• Work to be completed: Beginning at the line that contains "中央生態(tài)環(huá", repeat each line exactly through the last one of the records below, and leave out the pictures.

Start of Task input

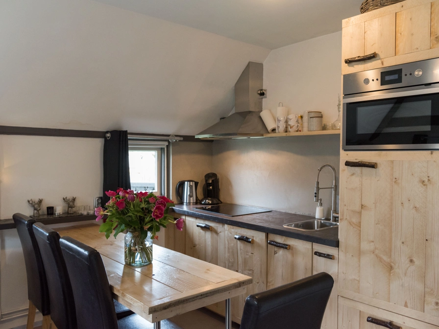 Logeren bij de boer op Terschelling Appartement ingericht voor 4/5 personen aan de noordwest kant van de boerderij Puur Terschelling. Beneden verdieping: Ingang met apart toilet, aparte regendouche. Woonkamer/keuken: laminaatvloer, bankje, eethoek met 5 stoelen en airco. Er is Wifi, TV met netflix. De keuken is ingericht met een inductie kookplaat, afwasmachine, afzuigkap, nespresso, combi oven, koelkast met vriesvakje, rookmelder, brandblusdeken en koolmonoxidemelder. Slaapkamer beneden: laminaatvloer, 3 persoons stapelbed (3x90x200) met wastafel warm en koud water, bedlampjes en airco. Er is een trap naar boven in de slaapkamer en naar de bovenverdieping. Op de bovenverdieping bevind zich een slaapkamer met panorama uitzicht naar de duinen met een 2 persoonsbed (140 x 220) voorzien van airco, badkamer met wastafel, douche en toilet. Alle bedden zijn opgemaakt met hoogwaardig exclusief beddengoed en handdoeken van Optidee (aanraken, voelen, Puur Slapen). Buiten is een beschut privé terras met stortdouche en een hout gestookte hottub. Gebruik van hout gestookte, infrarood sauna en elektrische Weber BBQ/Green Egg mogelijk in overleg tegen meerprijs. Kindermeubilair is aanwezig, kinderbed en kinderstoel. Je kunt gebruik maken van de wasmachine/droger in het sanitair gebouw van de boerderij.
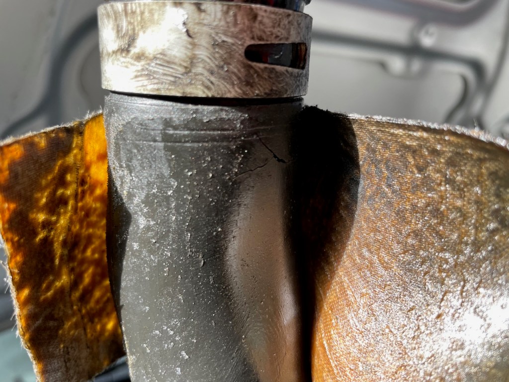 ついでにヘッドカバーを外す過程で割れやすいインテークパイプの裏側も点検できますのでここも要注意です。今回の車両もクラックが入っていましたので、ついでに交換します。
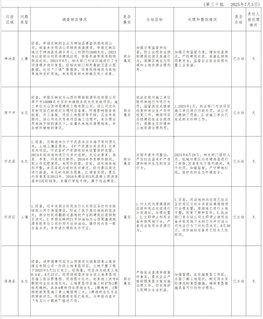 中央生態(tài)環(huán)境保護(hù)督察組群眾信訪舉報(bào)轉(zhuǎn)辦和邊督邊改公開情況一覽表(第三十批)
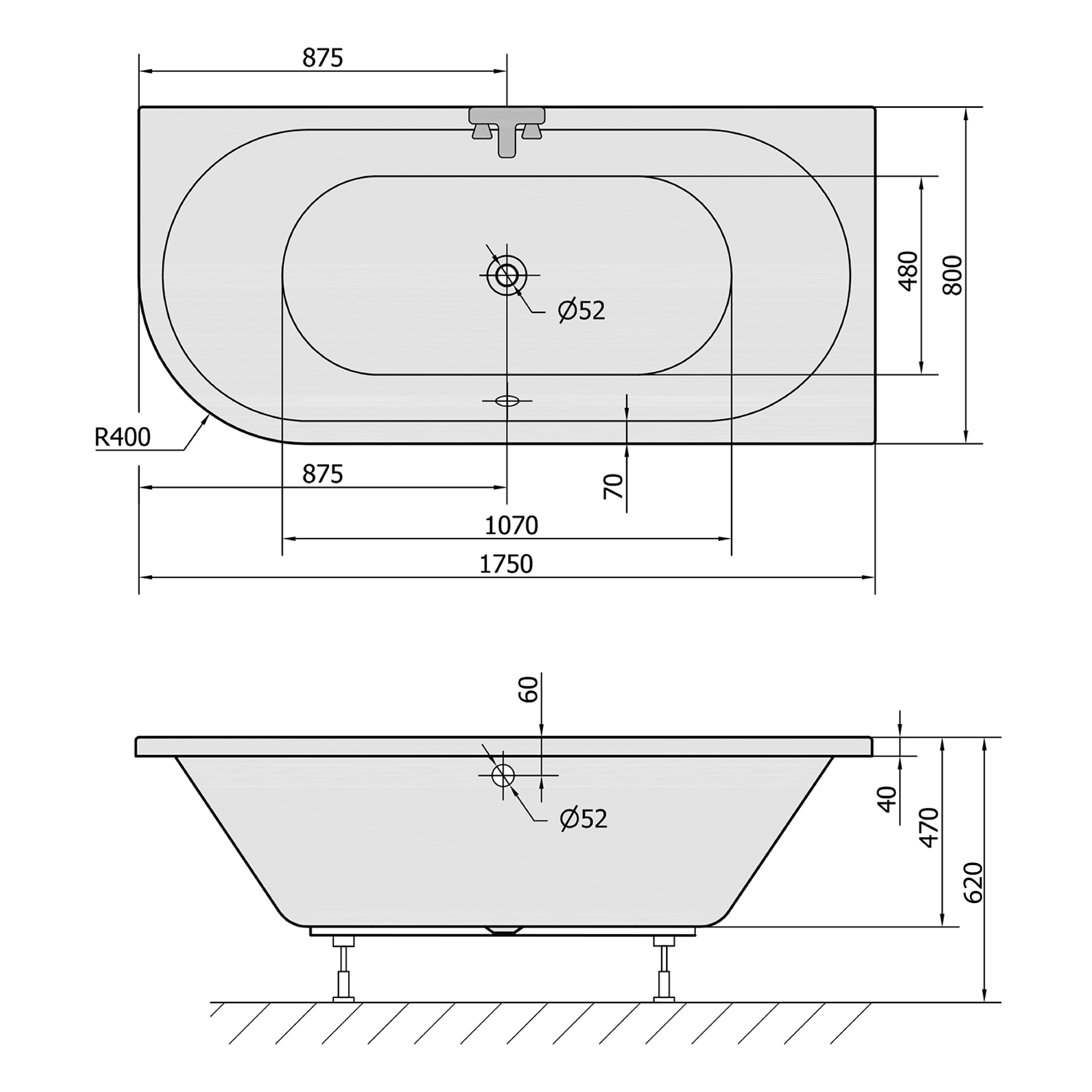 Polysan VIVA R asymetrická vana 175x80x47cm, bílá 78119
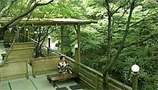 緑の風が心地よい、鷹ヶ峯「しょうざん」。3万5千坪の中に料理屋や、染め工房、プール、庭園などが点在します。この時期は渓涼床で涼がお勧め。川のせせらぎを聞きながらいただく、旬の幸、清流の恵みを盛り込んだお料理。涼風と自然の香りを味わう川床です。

End of Task input

• Answer:
 中央生態(tài)環(huán)境保護(hù)督察組群眾信訪舉報(bào)轉(zhuǎn)辦和邊督邊改公開情況一覽表(第三十批)
 Polysan VIVA R asymetrická vana 175x80x47cm, bílá 78119
 緑の風が心地よい、鷹ヶ峯「しょうざん」。3万5千坪の中に料理屋や、染め工房、プール、庭園などが点在します。この時期は渓涼床で涼がお勧め。川のせせらぎを聞きながらいただく、旬の幸、清流の恵みを盛り込んだお料理。涼風と自然の香りを味わう川床です。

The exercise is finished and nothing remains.